There are two basic ways of teaching programming -- or pretty much anything, come to that. You can either start with the building blocks and build up, or you can start with some self-contained problems and then pull them apart. In practice, of course, you need to do both, so it comes down to a question of emphasis.
My preferred approach has always been to start by solving problems, as far as possible. Here are my reasons.
Problems are more interesting
Problems don't have to have global consequences to be interesting. A maths problem like "John has 9 sweets. How can he share them equally between himself and his two friends?" is intrinsically more interesting (and more challenging) than "Divide 9 by 3".
In the same way, a problem like "Check if this person is over 13 years of age" is more interesting than "Get the computer to deduct someone's date of birth from today's date."
Obviously, at some point you will need to teach your students how to perform that calculation. I am simply contending that by starting with a problem, you are giving them a reason to actually want to.

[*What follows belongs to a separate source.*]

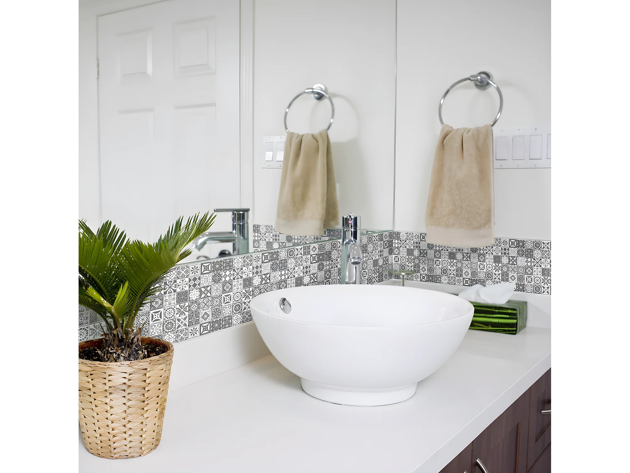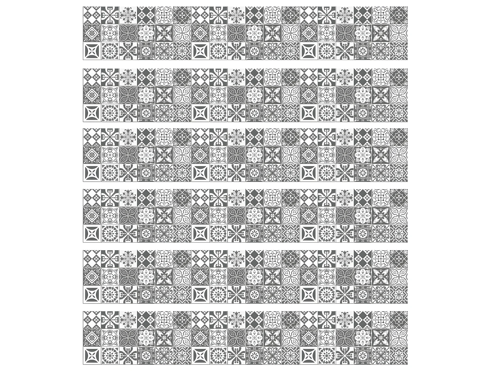 Pack 6 stickers adhésifs frises carrelages | Autocollant Frises Mosaïque Carreaux de ciment - NUANCE DE GRIS ROSO - 6 frises de 20 x 120 cm

Students achieve something meaningful right away
Obviously, we can discuss what is meant by "meaningful", but if you take a problem like the one about age, above, it involves students applying programming methods to an actual problem. You could start them off by spending a lesson or two on how to use dates in calculations, but even if they understand it fairly quickly, I'm not sure whether they will have the same sense of achievement.
Problems provide hooks
It's very hard to learn abstract concepts straight away. Although when Piaget talked about concrete learning he was referring to very young children, I believe that the concept applies to anyone of any age when they are starting something they are not familiar with.
Having a problem-to solve is a way of providing a mental hook, or set of hooks, on which to hang the concepts you intend to use.
Abstraction, Decomposition and Pattern Recognition are easier
These three components of computational thinking are easier to apply, and to teach, if you start with a real problem. Take the age problem, above. A problem for a small business like "Should I issue a reminder to pay my invoice?" is, essentially, the same problem. It involves calculating whether the difference between today's date and the date that the invoice was issued is greater than 30 days (or whatever the business's payment terms are). I think it's easier to draw this out from a problem-solving approach than with just dealing with the raw components.
Problem-solving provides building blocks
The main strength of starting with the raw components, as it were, is that you can use them to build up more complex programs. But you can do the same by starting with a problem-solving approach, and in my view it makes it much more interesting. Take the age problem (again). An interesting extension would be to say. "How could you make the program handle a situation in which, at the time of filling in the online form, the person is under 13, but by the time they actually start, they will have turned 13?"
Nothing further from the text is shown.